Identified by Asahara in 1997, endothelial progenitor cells (EPCs) are defined as circulating CD34+ cells that differentiate ex vivo into endothelial cells and incorporate into sites of active angiogenesis [1]. To date, great progress has been made in understanding the significance of EPCs for vascular regenerative medicine, such as neovascularization [2], vascular homeostasis and repair [3], and therapy of various vascular diseases [4,5].

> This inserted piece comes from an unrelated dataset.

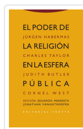
EL PODER DE LA RELIGIÓN EN LA ESFERA PÚBLICA HABERMAS, JÜRGEN Y OTROS

However, EPC beneficial properties after transplantation or mobilization of EPCs are significantly limited due to insufficient cell number, low survival rate after transplantation and impaired function of EPCs in the patients with cardiovascular risk factors and cardiovascular diseases [6] and our group obtained similar results [7]. Furthermore, mounting evidence reveals that EPCs also participate in endothelial cell regeneration and neovascularization in an indirect way – EPCs secrete a variety of growth factors and cytokines and thus improve proliferation and migration of pre-existing endothelial cells to enhance reendothelialization and angiogenesis [8,9]. In a recent study, exosomes from human EPCs, a component of paracrine secretion, have independent angiogenic activity both in vitro and in vivo[10]. In addition, the paracrine function of EPCs provides other benefits, such as improvements of vasodilatation [11], myocardial remodeling [12] and wound healing [13]. The therapeutic capacity of EPC-conditioned medium (EPC-CM) is in general comparable to EPC transplantation, while the number of cells necessary to generate an equivalent therapeutic dose is much lower than the quantity of cells employed for EPC transplantation [14]. Therefore, the paracrine function of EPCs may hold promise in their further application in clinical therapy.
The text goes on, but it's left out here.